Assignment:
An exact copy of every entry is needed here; the images stay out.

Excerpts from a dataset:
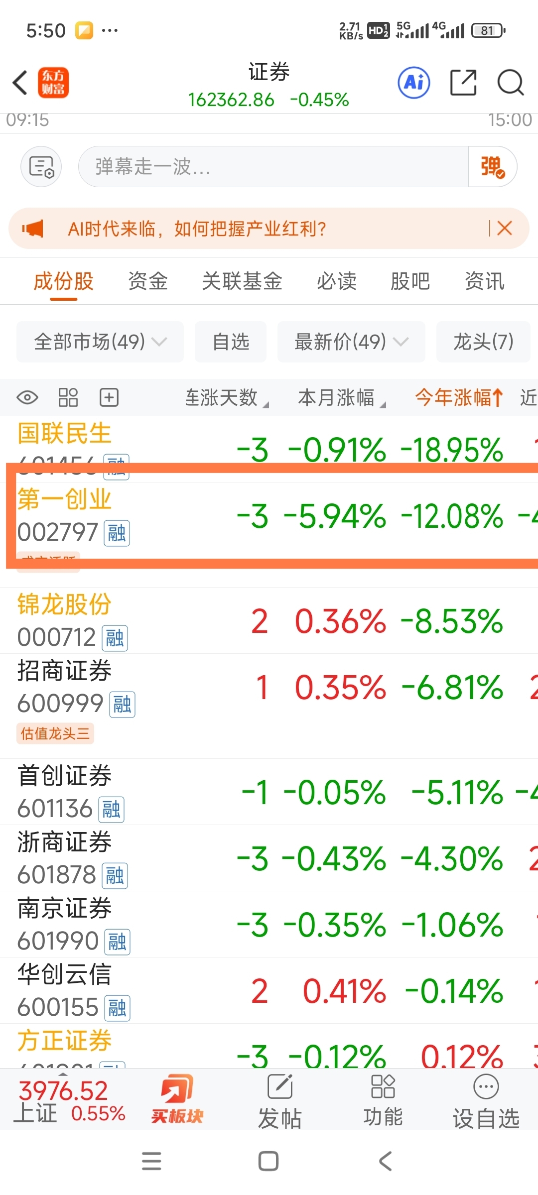这真是拉~圾股!同样是立案调查,2024年东吴证券从最多跌七个多点拉到不到四个点,第二天还涨了不少!这个垃~圾今天最多也是跌了七个多点,牛市加大盘这么好都拉不上来!再加上今年板块倒数第二,主力真是日了勾了!
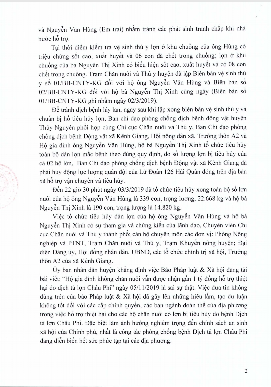 Việc đưa tin không đúng trên của Báo Pháp luật và Xã hội đã gây lên những hiểu lầm, tạo dư luận không tốt đối với các cấp chính quyền, các ban ngành đoàn thể của địa phương trong việc hỗ trợ thiệt hại cho các hộ chăn nuôi có lợn bị tiêu hủy do bệnh Dịch tả lợn Châu Phi.
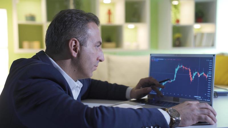 The broker monitors and considers stock sales statistics. Investment concept. Man Using Computer with Screen Displaying Real Time Stocks and Currency Market Charts. Pro Video
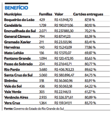 O levantamento da Sefaz mostra que 85,41% das famílias beneficiadas têm como responsáveis mulheres, a maior parte na faixa etária entre 31 e 40 anos e com renda familiar de até R$ 353,00. Para ter direito aos repasses, é necessário o cartão do cidadão. Em alguns municípios da região, a procura por esse documento foi baixa, como em Vale Verde, que ficou em 61,27%. Rio Pardo atingiu maior percentual, com 3.680 famílias e 89,62%.
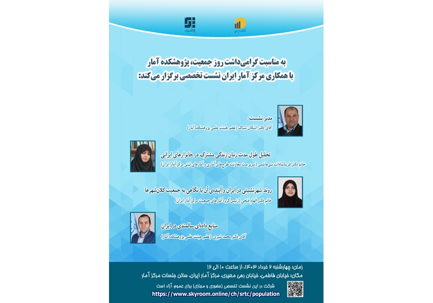 به اطلاع میرساند نشست تخصصی که بهمناسبت گرامیداشت روز ملی جمعیت در تاریخ دوم خرداد ۱۴۰۳ برنامهریزی شده بود، لغو و زمانبندی جدید این نشست تخصصی متعاقباً اعلام خواهد شد.
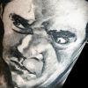 Lon: On my left arm I put a dead skull with bat wings embedded in a rosary with the banner “Believe in Love Life & Death”. That's what I believe in. On my right arm are all the horror icons with which I grew up and which have influenced my understanding of art. Bela Lugosi's Dracula, Boris Karloff's Frankenstein, Michael Myers, Pinhead, Leatherface, Freddy Krüger, the little girl from ‘Night of the Living Dead’, the Evil Dead Basement Zombie and The Crow (ok it’s not really Horror). The whole is “crowned” by the demon which we are using as a logo for THE FRIGHT. In addition salt, pepper and onions... perfect!
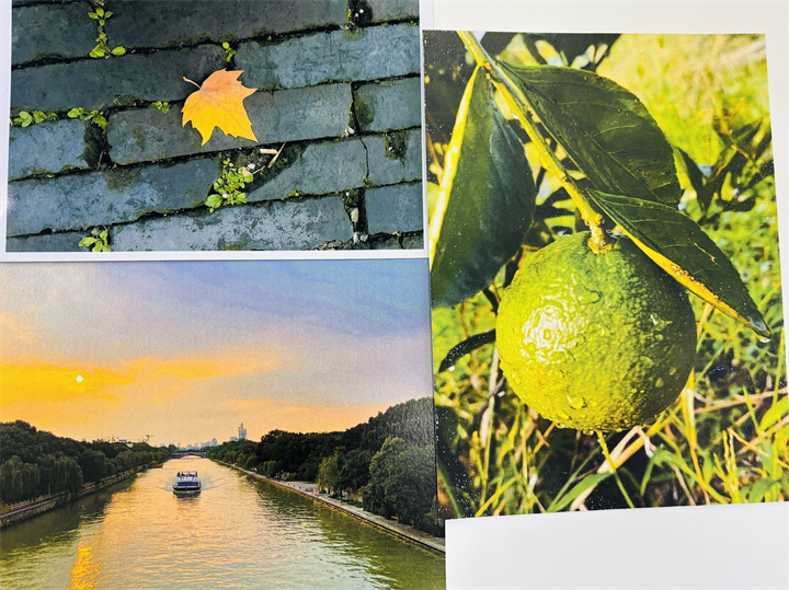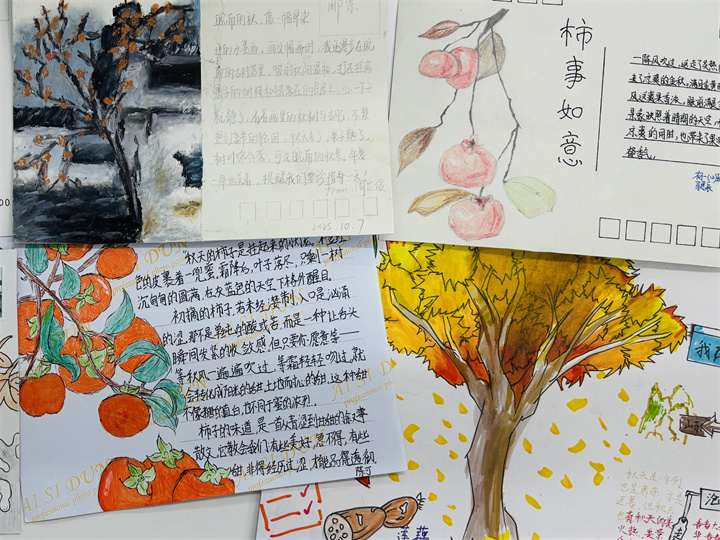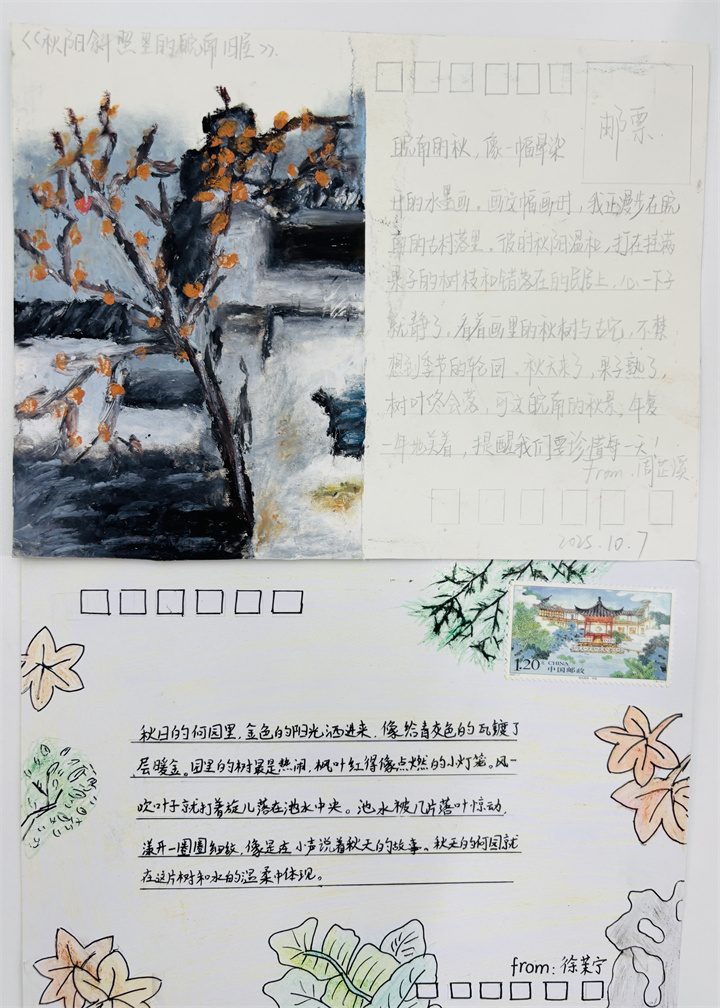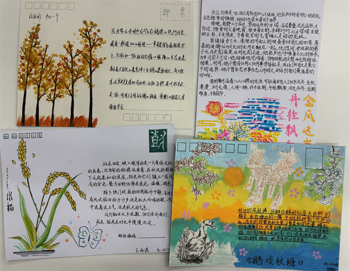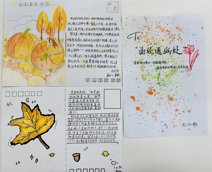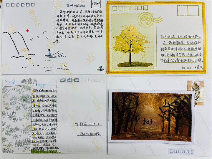 在众多秋日影像中,同学们精选出最具情感张力的一张,亲手制作成明信片。背面不仅绘有充满秋意的装饰图案,更附上了一段段灵动的文字。有的学生模仿第一单元写作,将所学与所见融会贯通,真正做到了读写结合。有的学生则写出了独具个性的文字:“这片落叶在风中打了个旋,轻轻落在我掌心,仿佛整个秋天都安静了下来。”这些文字既写实景,又抒真情,将瞬间的感动升华为永恒的记忆。
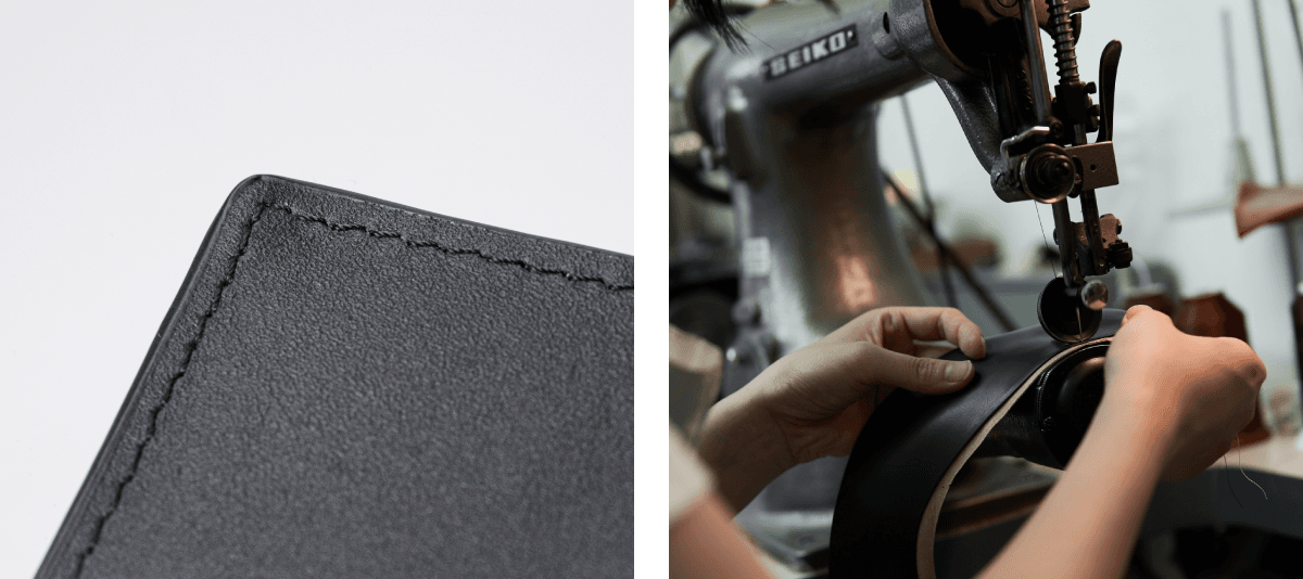 デザインを損なわないよう、電磁波防止シートをレザーとレザーの間に埋め込み、外から見えない設計になっています。
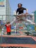 At the trampoline park across from our apartment complex, Brian jumped for joy at seeing us again... |

Solution to this exercise:
这真是拉~圾股!同样是立案调查,2024年东吴证券从最多跌七个多点拉到不到四个点,第二天还涨了不少!这个垃~圾今天最多也是跌了七个多点,牛市加大盘这么好都拉不上来!再加上今年板块倒数第二,主力真是日了勾了!
 Việc đưa tin không đúng trên của Báo Pháp luật và Xã hội đã gây lên những hiểu lầm, tạo dư luận không tốt đối với các cấp chính quyền, các ban ngành đoàn thể của địa phương trong việc hỗ trợ thiệt hại cho các hộ chăn nuôi có lợn bị tiêu hủy do bệnh Dịch tả lợn Châu Phi.
 The broker monitors and considers stock sales statistics. Investment concept. Man Using Computer with Screen Displaying Real Time Stocks and Currency Market Charts. Pro Video
 O levantamento da Sefaz mostra que 85,41% das famílias beneficiadas têm como responsáveis mulheres, a maior parte na faixa etária entre 31 e 40 anos e com renda familiar de até R$ 353,00. Para ter direito aos repasses, é necessário o cartão do cidadão. Em alguns municípios da região, a procura por esse documento foi baixa, como em Vale Verde, que ficou em 61,27%. Rio Pardo atingiu maior percentual, com 3.680 famílias e 89,62%.
 به اطلاع میرساند نشست تخصصی که بهمناسبت گرامیداشت روز ملی جمعیت در تاریخ دوم خرداد ۱۴۰۳ برنامهریزی شده بود، لغو و زمانبندی جدید این نشست تخصصی متعاقباً اعلام خواهد شد.
 Lon: On my left arm I put a dead skull with bat wings embedded in a rosary with the banner “Believe in Love Life & Death”. That's what I believe in. On my right arm are all the horror icons with which I grew up and which have influenced my understanding of art. Bela Lugosi's Dracula, Boris Karloff's Frankenstein, Michael Myers, Pinhead, Leatherface, Freddy Krüger, the little girl from ‘Night of the Living Dead’, the Evil Dead Basement Zombie and The Crow (ok it’s not really Horror). The whole is “crowned” by the demon which we are using as a logo for THE FRIGHT. In addition salt, pepper and onions... perfect!
 在众多秋日影像中,同学们精选出最具情感张力的一张,亲手制作成明信片。背面不仅绘有充满秋意的装饰图案,更附上了一段段灵动的文字。有的学生模仿第一单元写作,将所学与所见融会贯通,真正做到了读写结合。有的学生则写出了独具个性的文字:“这片落叶在风中打了个旋,轻轻落在我掌心,仿佛整个秋天都安静了下来。”这些文字既写实景,又抒真情,将瞬间的感动升华为永恒的记忆。
 デザインを損なわないよう、電磁波防止シートをレザーとレザーの間に埋め込み、外から見えない設計になっています。
 At the trampoline park across from our apartment complex, Brian jumped for joy at seeing us again... |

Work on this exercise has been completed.